英国アブラクサス・キャピタル、700億円規模のイーサリアム購入で暗号市場に激震
伝統的金融の重鎮がついにデジタル資産に本格参入。ロンドンに本拠を置くアブラクサス・キャピタルが約700億円相当のイーサリアムを購入したことが判明——機関投資家の仮想通貨シフトが加速するなか、今度は英国勢が名乗りを上げた形だ。
同社のこの動きは、単なる資産分散を超えた戦略的配置とみられており、DeFiエコシステムに対する本格的な賭けと解釈されている。ただし、『リスク管理のプロ』たちがETHのボラティリティに耐えられるかどうかは——皮肉な見方をすれば——まだわからない。
イーサリアム大量取得の背景と戦略
アブラクサス・キャピタルは、2017年から仮想通貨(仮想通貨)分野で活動するロンドン拠点の資産運用会社だ。
同社は分散型金融(DeFi)プラットフォームのAave(から2億4,000万USDTの資金を借り入れ、バイナンス(Binance)へ預け入れた後、イーサリアムの大量取得に踏み切ったとみられる。
また、過去には約297億円(2億ドル)分のイーサリアムを取引所から引き出す動きも観測されている。これら一連の動きは、機関投資家による戦略的なポートフォリオ調整の一環とみられる。

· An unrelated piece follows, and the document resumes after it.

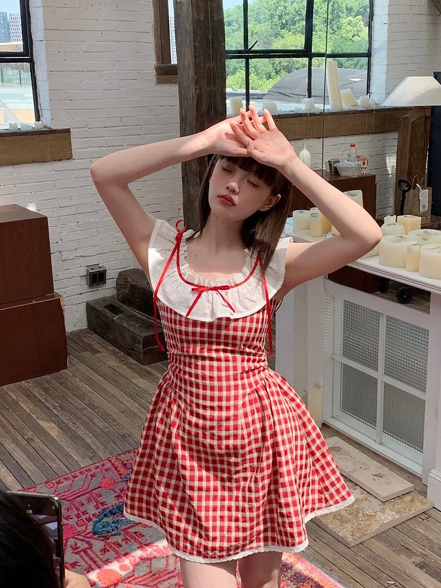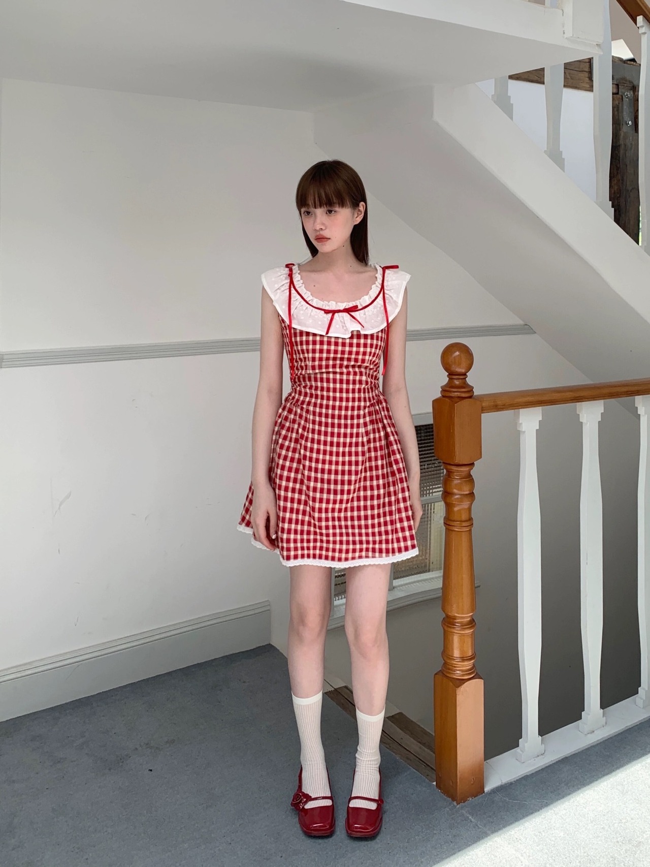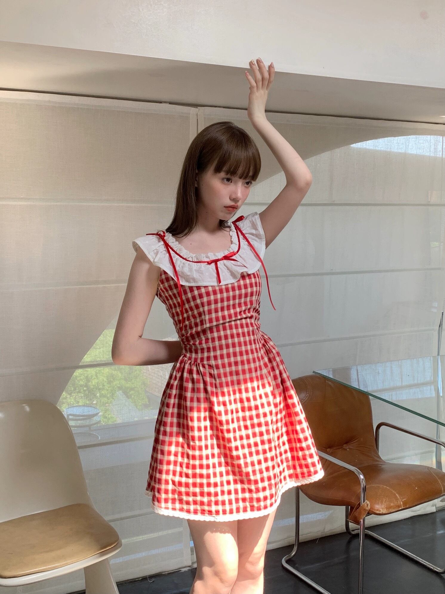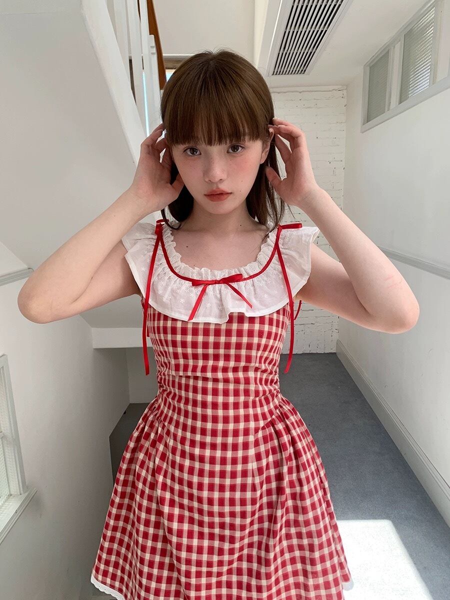白 ガーリー 赤 チェック リボン 丸襟 ガーリー ベージュ ワンピース ブラウス

同社の行動は、イーサリアムの価格上昇にも影響を与えた。直近24時間で8%、1週間で約50%の急騰を記録し、2,632ドル(約38万9,500円)まで値を上げた。背景には、イーサリアムの新たなアップグレード「ペクトラ(Pectra)」への期待感がある。
市場動向と機関投資家の存在感
イーサリアムの高騰の裏には、アブラクサス・キャピタルのような機関投資家が積極的に動いていることがある。米ブラックロックによるイーサリアム信託のインカインド償還承認申請も、市場全体の強気ムードを後押しした。

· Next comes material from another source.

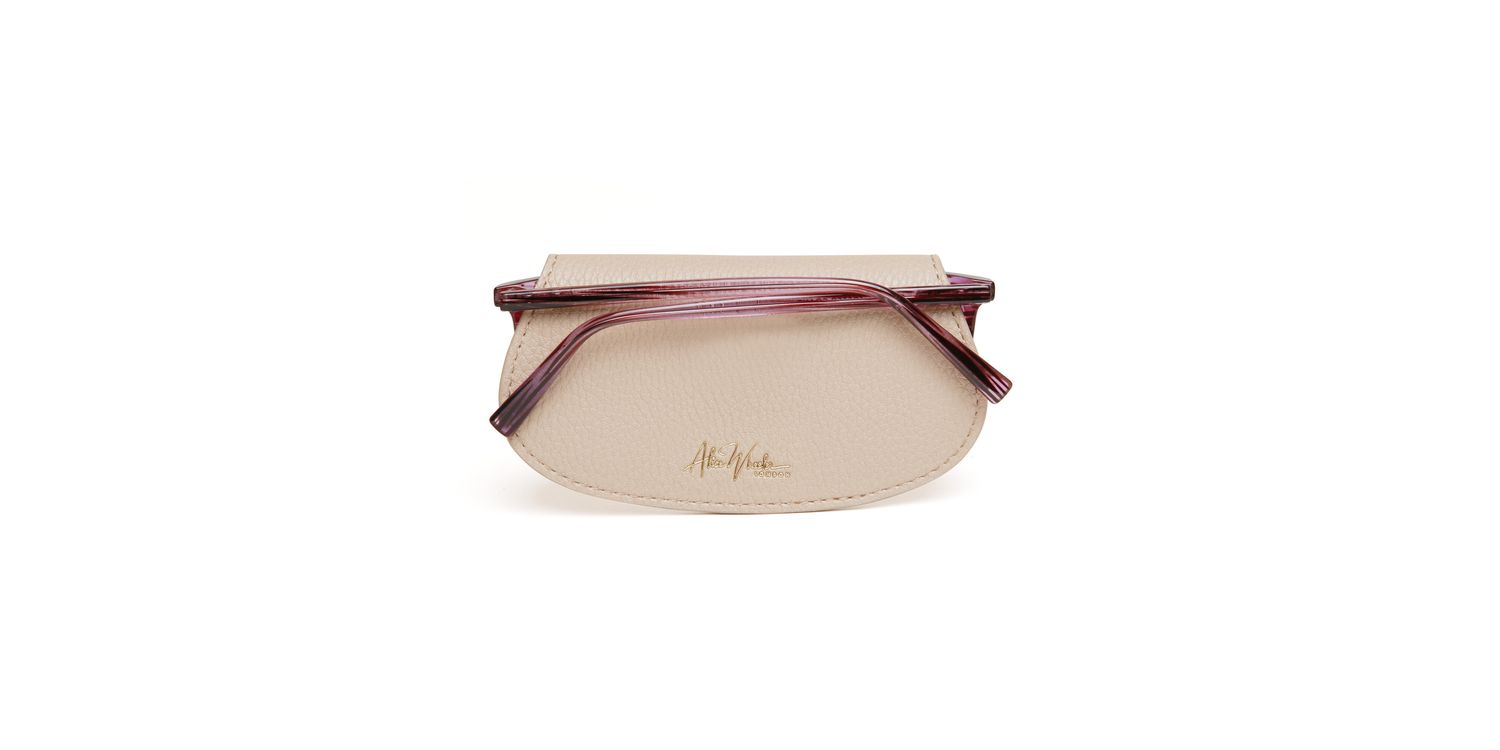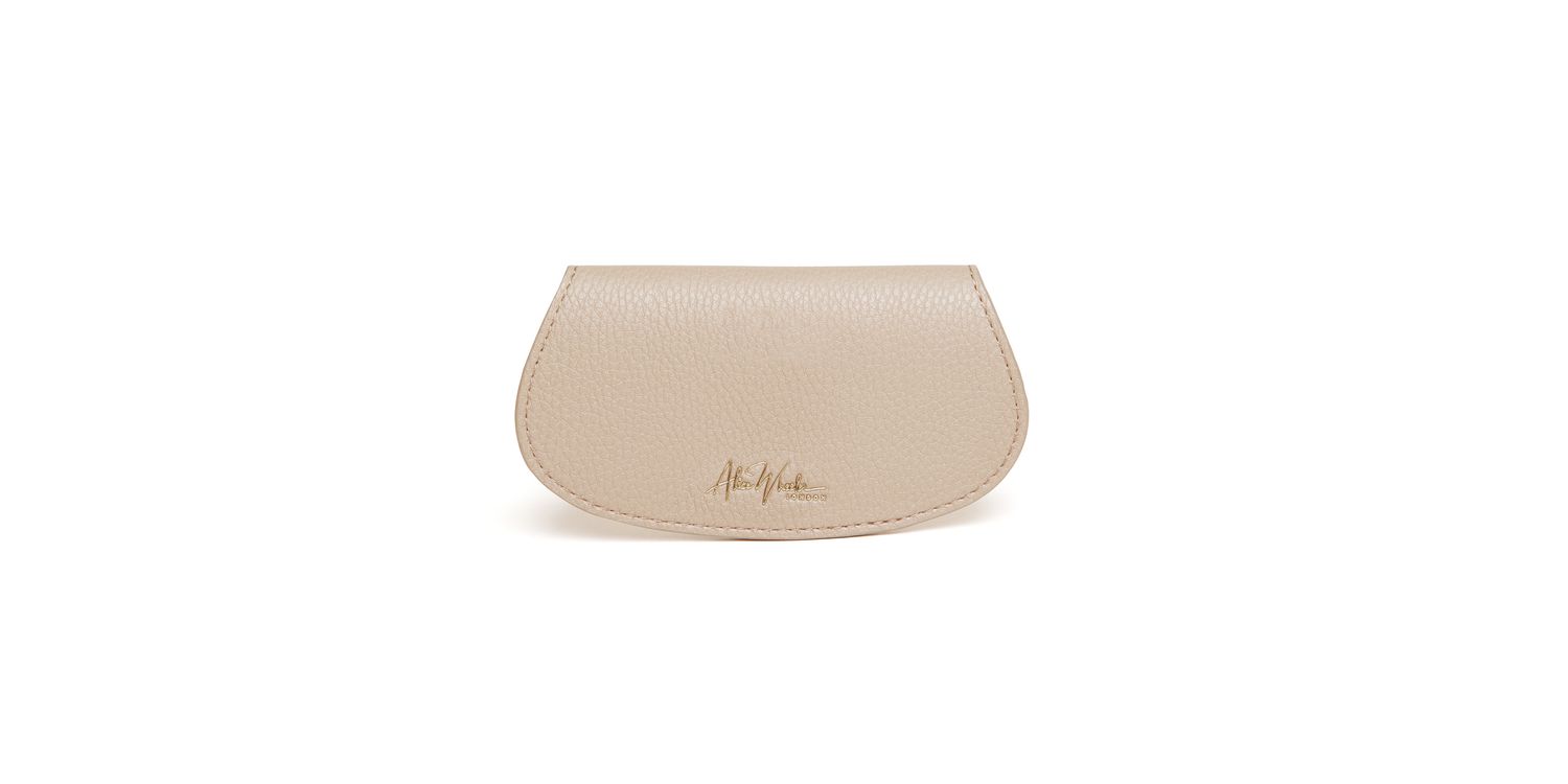 This stylish accessory features a soft, padded interior with four dedicated lens pads and a secure push-button closure. The elegant textured vegan leather exterior, adorned with the Alice Wheeler London Monogram, adds a touch of sophistication.

また、アブラクサス・キャピタルのような大口投資家による積極的な買い増しが相次ぐ一方、短期的な利益確定の動きも活発化し、市場の変動性が高まっている。
同社がDeFiを活用して資金調達し、取引所で大規模に仮想通貨を取得する手法は、効率的かつ新しいトレーディング戦略として注目されている。イーサリアムの流動性やテクニカル指標も強気の傾向を示しており、機関投資家の動向は今後も市場に大きな影響を与えそうだ。